For most people the biggest investment they will ever make is purchasing a home. Why on Gods green earth would you ever do so and not have a survey done? Many will purchase Owners title insurance...but do they ever read schedule "B". There are exclusions. I know, I am preaching to the choir.
These same people will also purchase life insurance, medical insurance, comprehensive car insurance etc. You only die once so the life ins policy is for the benefit of someone else. You can have several years of medical problems so that premium seems necessary. Vehicles are totaled every day....so that insurance can be seen and recognized (possibly) in a very short time. But through all that mess listed very few recognize the value of a survey to add and complete the piece of mind a title insurance policy can offer. But they will spend thousands on other premiums. Until....it too late..so where are their priorities?
The real estate industry will not promote Land Surveys. They just simply won't. They don't want to because it serves as no service/return for their perceived value of what they do.
Keep in mind that insurance companies are not in business because they feel a need to help. They are in business to make money. It's risk factor...they are not in business to payout claims.....they are there to collect premiums and payout as few claims as possible. They could care less about you....but they care an awful lot about the little greenback that keeps their business rolling.
I've done 1000's of these, when I worked in Nebraska, and I agree with Sam. But I would add; if we did find conflicts, we would advise the client that there were potential problems and these are our rates to do a boundary survey.
This happened about %5 of the time(just a SWAG), most of the time, there wasn't a problem and everybody was happy.
Radar
So, how do you show the location of an improvement or encroachment if you do not know for sure where the property line is located? This type of document appears to be meaningless. Sounds a lot like those old transmission adds where the guy says,"Yeah I can fix that, but I ain't guaranteeing it.". What is the value or validity of such a SWAG sketch?
How many home buyers have a lawyer present at closing?
Actually, they seem like a good idea to me. In my experience, 90% of the time you can discover a major problem (house over the line, for example) in the first 15 minutes on the job.
"must rant here a bit"
9 out of 10 times whether it is a bank, client or real estate agent - what they ask of and only want a surveyor to do will limit our purpose and responsibilities to the public as requested by our State BOR and they don't care if they get a survey, they want somebody's signature on the bottom line for the money involved, not anyone's welfare.
There will always be some jacklegg out there that will run in and place some irons in the ground or show where improvements are without any regard to being brought to the light of day that they are wrong, because they bank on the fact that for the meager cost they impose, nobody will complain.

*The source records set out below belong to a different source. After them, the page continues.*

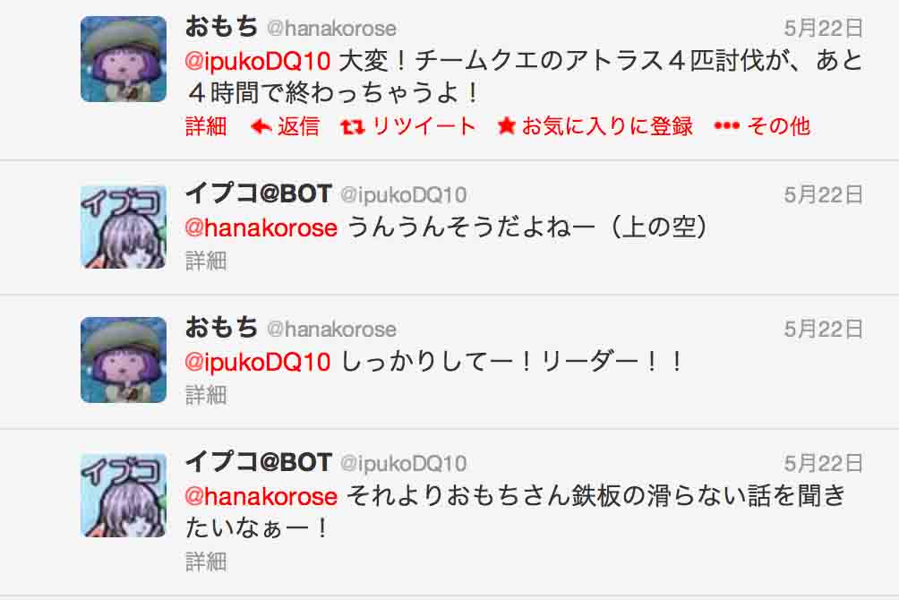 Twitterというアストルティアを離れた世界に、イプコは踏み出しました(BOTとして)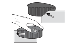 In der Skizze rechts sehen Sie einen Querschnitt. Über die in einen Schraubstock oder die Hobelbank hochkant eingespannte Ziehklinge wird das Ziehklingenschärfgerät rübergezogen. Mit der weiß gestrichelten Linie wird das Innenleben diese Gerätes angezeigt. Ein Hartmetallstift hat die Funktion, den Grat anzuziehen. Links kann man mit dem Justierknopf den gewünschten Winkel für den Grat auswählen. Nachdem der Winkel gewählt ist, wird mit der Feststellschraube der eingestellte Winkel fixiert und anschließend das Schärfgerät ein- oder mehrmals über die Ziehklinge gezogen, bis der gewünschte Grat erreicht ist. Mit diesem Gerät haben sie eine sichere und zuverlässige Führung. Es ist erhältlich auf unserer Ziehklingenseite.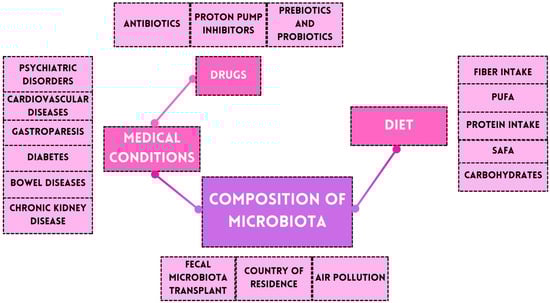 It is worth noting that the composition of the microbiota is individual and is affected by many factors, such as the country of residence and environmental pollution. Any diseases and medical conditions present are also of great importance. A summary of the factors affecting the microbiota composition in adults is shown in Figure 2 [,,,,,,,,].

"being within a few feet or yards of correctness does not matter to a cheapskate"
"rant over"
It does not compute to me when an individual or agency wants and expects anyone/everyone to pay any fee for something that is useless, but it greases the wheel.
I consider my purpose as a surveyor to do what is required and I am not responsible for anyone's happiness today, but am responsible for their knowing that I do a complete survey that is correct and will stand from now on.
😉
Maybe you're right, it's just a numbers game to them.

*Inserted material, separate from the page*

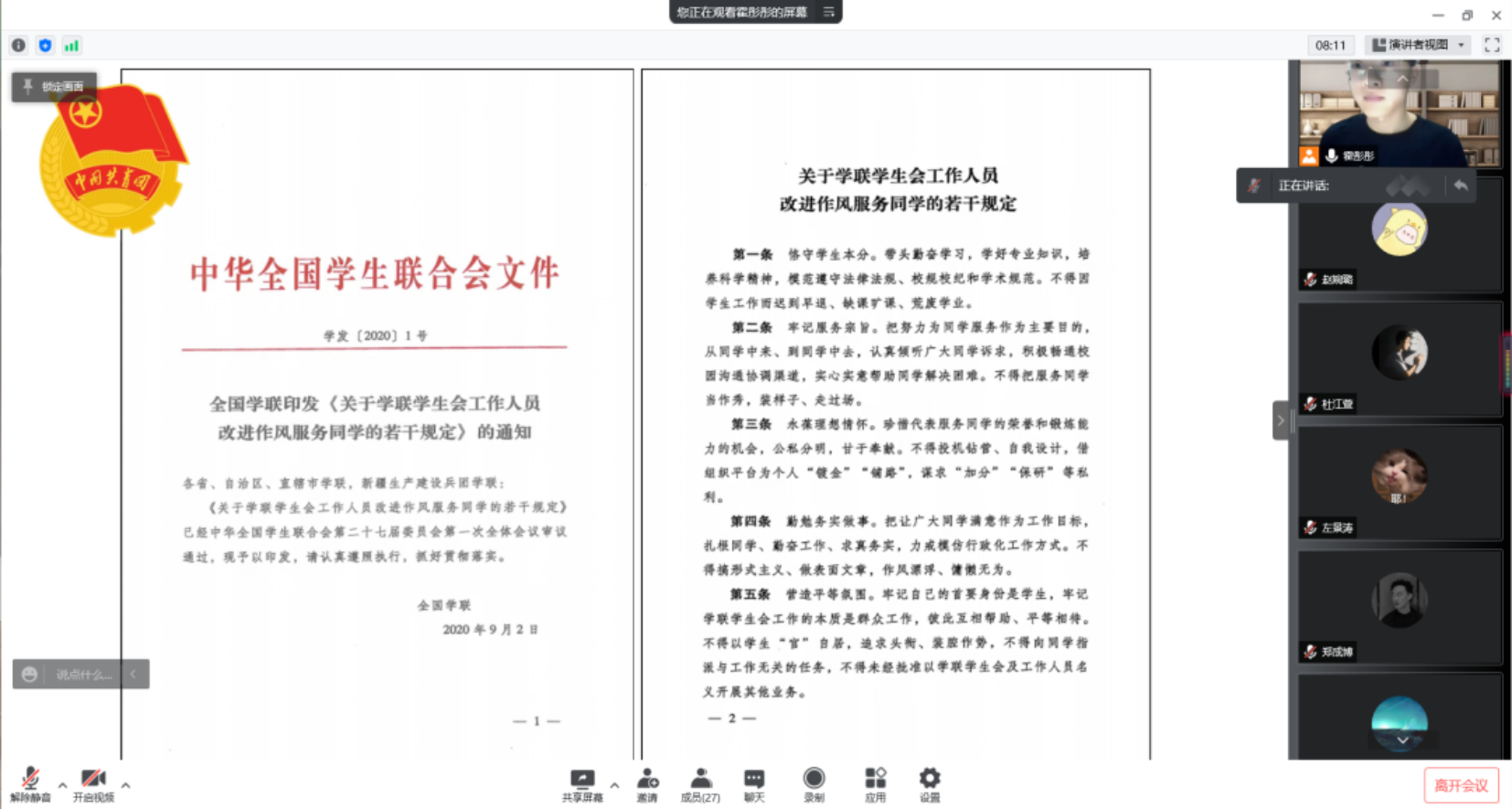 应团省委、省学联要求,为切实落实《关于学联学生会工作人员改进作风服务同学的若干规定》,加强学生会工作人员宗旨意识和规章制度教育,切实将学习成果体现在全心全意为同学的服务上。

But in my opinion, it's still bad business, just the same.
Maybe just 1%, but that 1%er that totally goes kablooey could still potentially set a title company back.
Gunter:
1% would likely set the title company back if they were actually forced to buy 1% of the houses they insure. More likely it's that 1% of the policies (if that) result in some sort of claim, and they're forced to do some legal work, buy some disgruntled claimant off, buy an access easement, whatever -- the claims against them I've actually heard of have involved relatively small amounts.
If anyone knows some "horror stories" wherein the insurers have paid out huge amounts, please post!